“Funding is complicated when it comes to the arts,” says a low-budget filmmaker in Jen Silverman’s Spain. This isn’t news at all, but the clever if murky game, which had its world premiere Thursday at the Second Stage Theatreoffers a solution: Let the KGB foot the bill.
According to Silverman, the director, Joris Ivens, a Dutchman working in the United States, is already an undercover agent for Soviet interests when the Spanish Civil War breaks out in 1936. Over a bloody steak in a dim restaurant, his handler “offers” the opportunity to make a pro-Republican big-budget documentary about “The Noble Farmer Crushed by the Rich Fascist.” The goal: to end American neutrality, overthrow Franco, and change the world. The part about communalizing the emerging democracy by any means necessary remains unsaid.
Ivens was a real director and His film ‘The Spanish Earth’, released in 1937, was a real cause celeb among leftists and artists. Enemies Ernest Hemingway and John Dos Passos wrote the screenplay, Silverman says. The economic role of Soviet intelligence is debatable, but so is the intelligence of those who failed to perceive the threat of Stalinist terror in what was clearly propaganda.
Despite the real names, “Spain” behaves like a work of fiction. Ivens (Andrew Burnap), much honored as an artist in his lifetime, could not be as dim, especially for film, as Silverman makes him. (He imagines shooting part of the documentary from the perspective of an ant or a raindrop.) Nor, for all his faults, was Hemingway (Danny Wolohan) all that funny, devoted to spouting such hollow nonsense. (“We’re all Spain! But how?”) And while turning Dos Passos (Erik Lochtefeld) into a whining milquetoast is a questionable liberty, it’s less problematic than the way he’s set up as the play’s steadfast moral center. His later support for right-wing causes suggests that his own moral center was mobile.
To remedy such a blur, Silverman throws a largely fictional (but somewhat more real) character into the mix. Helen (Marin Ireland) is yet another intruder, tasked with helping Ivens under the guise of being his girlfriend. In Ireland’s typically compelling performance, here tinged with a touch of period arch, she’s fascinating to watch even when she seems stuck with Burnap on a Möbius strip of suspicion and self-doubt. The scenes in which they wrangle over their goals as artists and as citizens – questioning whether making the film can be morally acceptable despite the compromises and risks involved – are the best in the play.
“Can a fake story be so good,” Helen asks, “that it makes something real?”
As for “Spain,” a synthetic thread with too many twists and turns to follow in 90 minutes, the answer to the same question is no. I soon stopped trying to make sense of it, realizing that the story didn’t matter.

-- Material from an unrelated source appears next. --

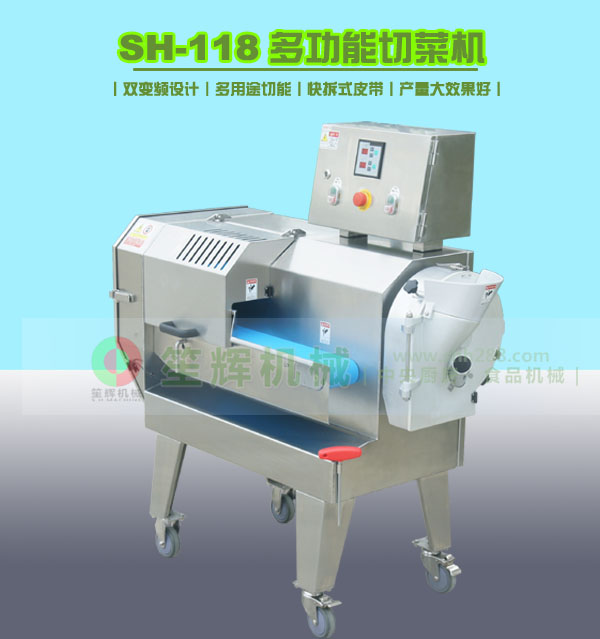 多功能雙頭切菜機SH-118具備雙變頻功能,一頭切葉菜類,如蔥蒜、韭菜、芹菜、白菜、青菜等;另一頭切球根莖類,如蘿卜、土豆、紅薯、芋頭、筍、洋蔥、茄子、蘋果等蔬果類。設備輸送皮帶采用快拆式設計,更換保養比較方便,它一機多用、產量高,切割效果好,機身采用304不銹鋼制造,符合衛生要求;它適于食品加工廠,餐飲行業、單位或學校飯堂、餐飲配送中心等使用。

Ultimately Silverman is less concerned with Russian influence in the Spanish Civil War than with the permanent problem of art in the world. A final gesture takes us even further away from the facts to consider whether Soviet-style propaganda did indeed die with the Soviet Union or simply moved elsewhere, co-opting more artists in the process.
Dramatizing this breezy affair by marrying it to a familiar entertainment standard does neither of them any favors. Silverman’s dialogue has the clipped pace of a screwball comedy, but not the wit — strange, because several of her previous works, such as “Collective Rage: A Play in 5 Betties,” “The Roommate” and “The Moors,” they are so funny. Here, despite the actors’ quite palpable efforts, even the best lines can’t seem to escape the dark gravity of Tyne Rafaeli’s direction.

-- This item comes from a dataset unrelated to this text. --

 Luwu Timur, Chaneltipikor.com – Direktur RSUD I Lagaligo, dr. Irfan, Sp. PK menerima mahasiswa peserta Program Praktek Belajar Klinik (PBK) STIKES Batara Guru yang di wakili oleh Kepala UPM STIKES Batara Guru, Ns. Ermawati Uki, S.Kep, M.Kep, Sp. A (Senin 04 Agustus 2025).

To be fair, this direction is true to Silverman’s script directions, which emphasize noir thriller conventions. Sure, genre clichés are reproduced too much and apparently not to be intentional: Brutalist black boxes with sliding panels. shadowy figures in evening dress. oblique chiaroscuro fragments; resonant amplification and imposing musical elements. (Sets by Dane Laffrey, costumes by Alejo Vietti, lighting by Jen Schriever, sound and original music by Daniel Kluger.)

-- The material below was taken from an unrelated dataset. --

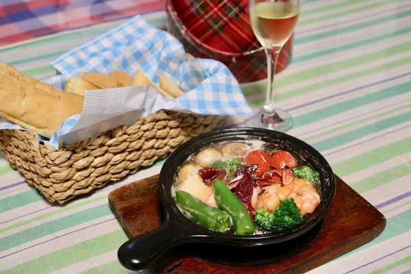 料理担当は夫です。試作品で具沢山アヒージョを作りました。

The overall effect is heavy and less clarifying than confusing. When we finally see a piece of Ivens’ film—it’s not shown on screen but broadcast live on stage—it’s for some reason an opera, with an aria (“We Pray for Rain”) sung by bassist Zachary James, who otherwise plays a Soviet agent.
We may not intend to analyze the meaning of the scene or anything else in this overloaded endeavor. “Spain” is ultimately a work of propaganda, which is most effective when swallowed whole, if only that were possible.
Spain
Through December 17 at Second Stage’s Tony Kiser Theatre, Manhattan. 2st.com. Performance duration: 1 hour 30 minutes.